- **Exercise**
Using the data below, output a verbatim copy of the lines between the one holding "Vengono inseriti in" and the one holding "Es wird von", inclusive, without any pictures.

- **Information shown**
==============================

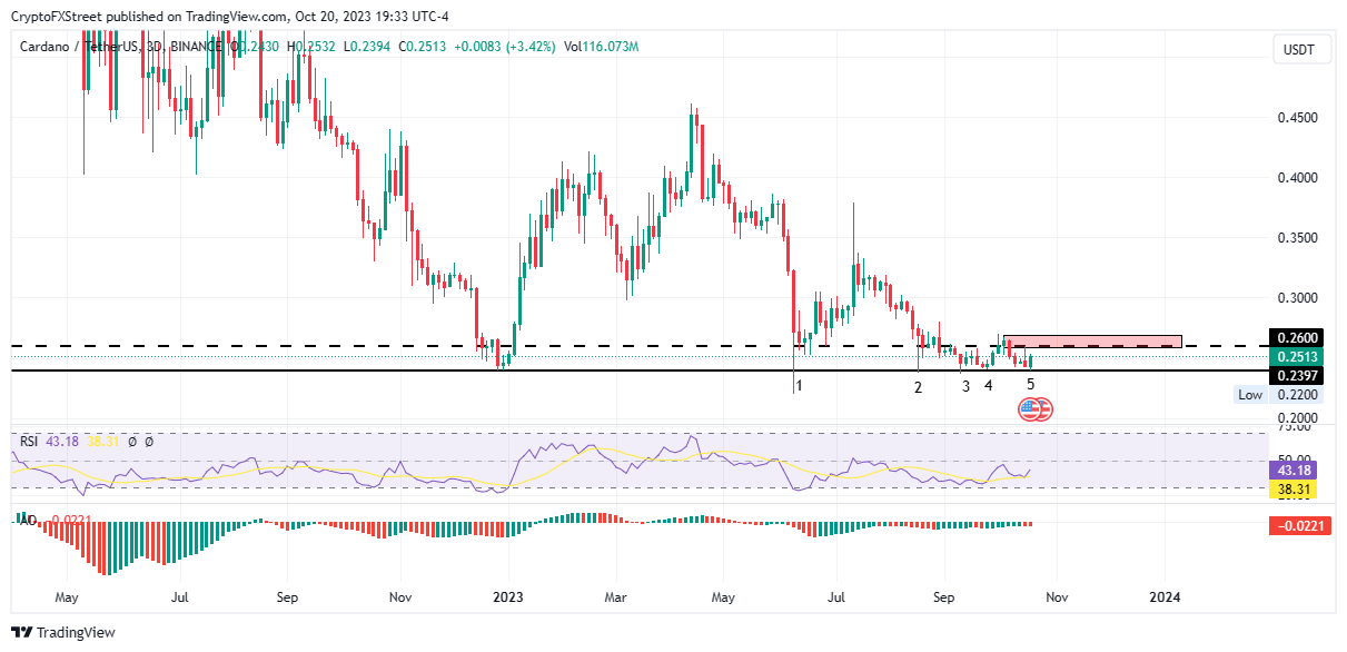 Cardano price needs to close above $0.26 to confirm resistance is broken
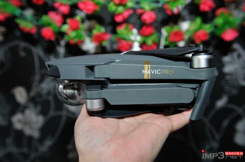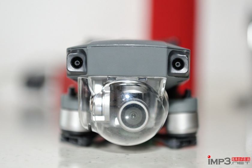 Mavic Pro的云台为三轴机械云台,开机状态下(电机没有启动时)我试着用手上下倾斜机身,发现这个云台会自动修正摄像头的角度,这对于高速飞行时拍摄视频的画面稳定性非常有帮助。从理论上来说,同款摄像头用机械云台的画质表现肯定比电子防抖要好,当然机械云台成本方面也更高一些。从这一点来说大疆还是很有诚意的。
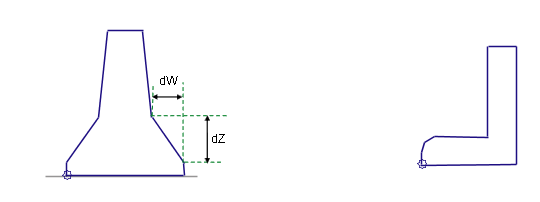Vengono inseriti in sequenza fino a 12 collegamenti alle larghezze e alle deflessioni verticali specificate. Le forme non vengono chiuse automaticamente. È necessario includere un collegamento di chiusura.
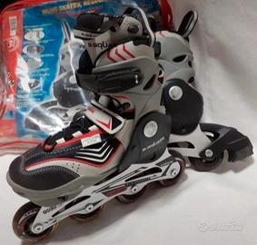 Vendo pattini in linea usati poco ,regolabili da 32 a 33 , dotati di freno posteriore , freno sostitutivo e robusta borsa per trasporto.
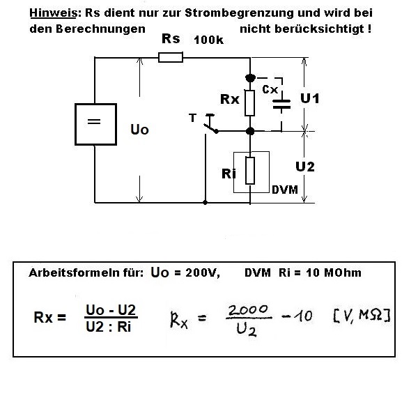 Es wird von dem Umstand Gebrauch gemacht, dass der Eingangswiderstand (Ri) des DVM bei Gleichspannungsmessung 10 MOhm beträgt. Wenn nun das Messobjekt in Reihe mit einer Gleichspannung (Uo) von 200 Volt gelegt wird, dann kann man das als einen Spannungsteiler betrachten. Es wird die Spannung (U2) gemessen und der Rx mit der angegebenen (einfachen) Formel berechnet.
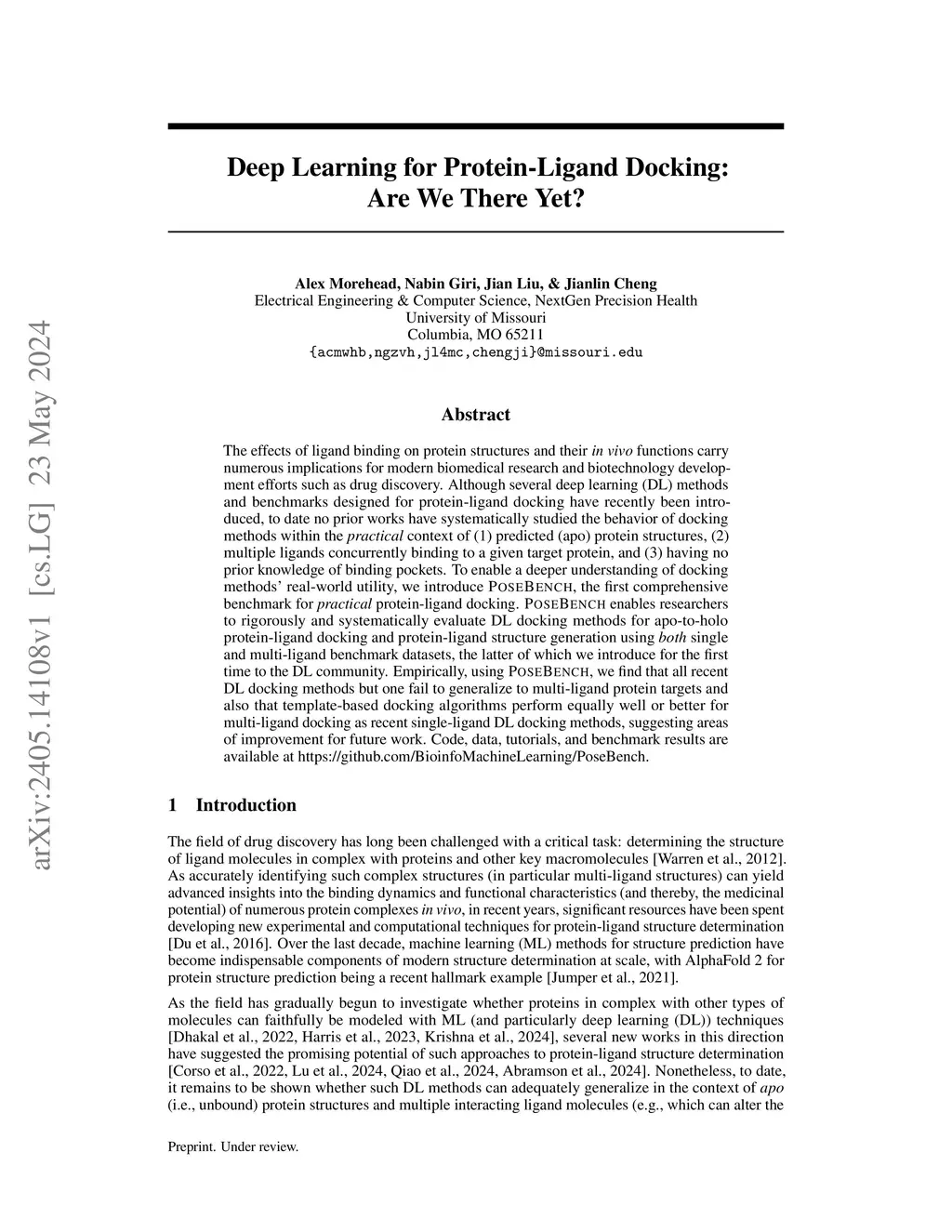 The effects of ligand binding on protein structures and their in vivo functions carry numerous implications for modern biomedical research and biotechnology development efforts such as drug discovery. Although several deep learning (DL) methods and benchmarks designed for protein-ligand docking have recently been introduced, to date no prior works have systematically studied the behavior of the latest docking and structure prediction methods within the broadly applicable context of (1) using predicted (apo) protein structures for docking (e.g., for applicability to new proteins); (2) binding multiple (cofactor) ligands concurrently to a given target protein (e.g., for enzyme design); and (3) having no prior knowledge of binding pockets (e.g., for generalization to unknown pockets). To enable a deeper understanding of docking methods' real-world utility, we introduce PoseBench, the first comprehensive benchmark for broadly applicable protein-ligand docking. PoseBench enables researchers to rigorously and systematically evaluate DL methods for apo-to-holo protein-ligand docking and protein-ligand structure prediction using both primary ligand and multi-ligand benchmark datasets, the latter of which we introduce for the first time to the DL community. Empirically, using PoseBench, we find that (1) DL co-folding methods generally outperform comparable conventional and DL docking baselines, yet popular methods such as AlphaFold 3 are still challenged by prediction targets with novel protein sequences; (2) certain DL co-folding methods are highly sensitive to their input multiple sequence alignments, while others are not; and (3) DL methods struggle to strike a balance between structural accuracy and chemical specificity when predicting novel or multi-ligand protein targets. Code, data, tutorials, and benchmark results are available atthis https URL.

==============================

- **Answer box**
Vengono inseriti in sequenza fino a 12 collegamenti alle larghezze e alle deflessioni verticali specificate. Le forme non vengono chiuse automaticamente. È necessario includere un collegamento di chiusura.
 Vendo pattini in linea usati poco ,regolabili da 32 a 33 , dotati di freno posteriore , freno sostitutivo e robusta borsa per trasporto.
 Es wird von dem Umstand Gebrauch gemacht, dass der Eingangswiderstand (Ri) des DVM bei Gleichspannungsmessung 10 MOhm beträgt. Wenn nun das Messobjekt in Reihe mit einer Gleichspannung (Uo) von 200 Volt gelegt wird, dann kann man das als einen Spannungsteiler betrachten. Es wird die Spannung (U2) gemessen und der Rx mit der angegebenen (einfachen) Formel berechnet.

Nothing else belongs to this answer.